Thanks for the feedback guys. I will take off the fork like proposed and also measure the drop- outs. Is there a table of measurements to compare to? How long is a long and how short a short drop out? I only found this quote: Dropouts:
1974/75: Sometime between '74 & '75 there should be a change from long Campag drop-outs to the shorter ones. Which would not really help me since the change seems to have happened earlier than 76. 
The cable guides seem to point to 76, yet I don't have the "Colnago" cast into the fork crowns, just the club. Cut- out of the bottom bracket was there all through the 70s so that won't help either ;-(. Anyway thanks for your help guys!


----------



## marc68ch (Aug 30, 2011)

The thread has a wrong title or so it seems- Should've been called the 1976 Colnago Super project. Apparently it is most probably 1976. Hence I've changed the Campa parts stamped 78 to 76ers and have a set of period correct decals coming in in a couple of days (see pic). I am still desperatly looking for a NISI Sludi 290 (with the elevated metal decal) 700c tubular complete rear wheel (with Campa Record hub) and a fluted Campagnolo Nuovo Record seat post 27,2 mm in good condition. I found someone in the UK who sold me the rubber rings for the brakes. What would you guys do regarding the paintjob (it's the original "electric blue"). It does have some markings and there are a few spots (i.e cable guides) with rust... Cheers


----------



## marc68ch (Aug 30, 2011)

I found rubber rings for the nuovo record brakes on ebay. They arrived yesterday and are a perfect fit. The decals are on their way. Now I am facing the decision weather or not to try and touch up the paintwork. I know some prefer a frame to be untouched and rather accept a few marks and I can see the point. Trouble is that for instance the cable guides have some rust spots that really don't look nice. What do you guys treat spots like this with to at least conserve?


----------



## Regfwa (Sep 28, 2011)

*Relationship of Colnago and CIOCC*

I have always wondered if there is a relationship between the Colnago and Ciocc because they both use the playing card 'club' symbol. I know Ciocc is a nickname for poker face.


----------



## wazuluwazu (Oct 15, 2011)

Regfwa said:


> I have always wondered if there is a relationship between the Colnago and Ciocc because they both use the playing card 'club' symbol. I know Ciocc is a nickname for poker face.
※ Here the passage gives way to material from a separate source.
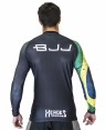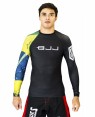 A Rash Guard é um tipo de camisa usada por muitos atletas como lutadores de jiu-jitsu, MMA, ciclistas, surfistas, jogadores de futebol, etc. A função da Rash Guard é manter a temperatura corporal e realizar a absorção do suor, diminuindo o desgaste para Kimonos, melhorando a higiene no Tatame, reduzindo o odor deixado após os treinos, dentre outros O tecido é de grande elasticidade e força, possui tecnologia de “compressão”: melhora o tempo de recuperação e aumenta a circulação sanguínea para os músculos. As impressões são sublimadas para que as estampas não fiquem quebradiças, a costura reforçada e proteção UV50. Esta peça pode ser usada no dia a dia ou na prática de atividades físicas. Lave à mão e com sabão neutro. Atenção: Podem haver variações referentes à tonalidade das cores por conta de fatores como iluminação e brilho de cada monitor. Especificações técnicas: - 90% poliéster – 10% elastano

Did Giovanni Pelizzoli AKA Ciöcc use to be a master frame builder for Colnago before setting up his own brand? Some biographies I've read state that he worked in some of the major manufacturers but doesn't state which.

Also Ciöcc means drunk in Bergamasco, not poker face. I'm from Pavia and the dialects are similar.


----------



## marc68ch (Aug 30, 2011)

*Project is finished and I wanted to share*

here are some pics


----------



## Quattro_Assi_07 (Jan 13, 2006)

marc68ch said:


> here are some pics



Gorgeous! Very classic looking. :thumbsup: Ride it in good health!


----------



## marc68ch (Aug 30, 2011)

Cheers mate! I tried to keep everything as close to the catalogue as possible. Unfortunately the original NISI rims had to be replaced - impossible to get at a decent price ;-) But the rest is pretty much as it was back in the day...


----------



## american psycho (Jul 21, 2005)

where did you get the decals? everywhere i've looked they can only deliver the head tube badge in black.


----------



## paredown (Oct 18, 2006)

marc68ch said:


> here are some pics


That looks pretty schweet!


----------



## marc68ch (Aug 30, 2011)

*colnago decals w/ yellow head badge*



american psycho said:


> where did you get the decals? everywhere i've looked they can only deliver the head tube badge in black.


The guy I got them from is Andre Schwyn of Switzerland. Here's his address: [email protected]
I don't know whether he has another set though. Have you asked Greg Softley yet? 
[email protected] he is an expert at retro decals and can surely help you

Cheers Marc


----------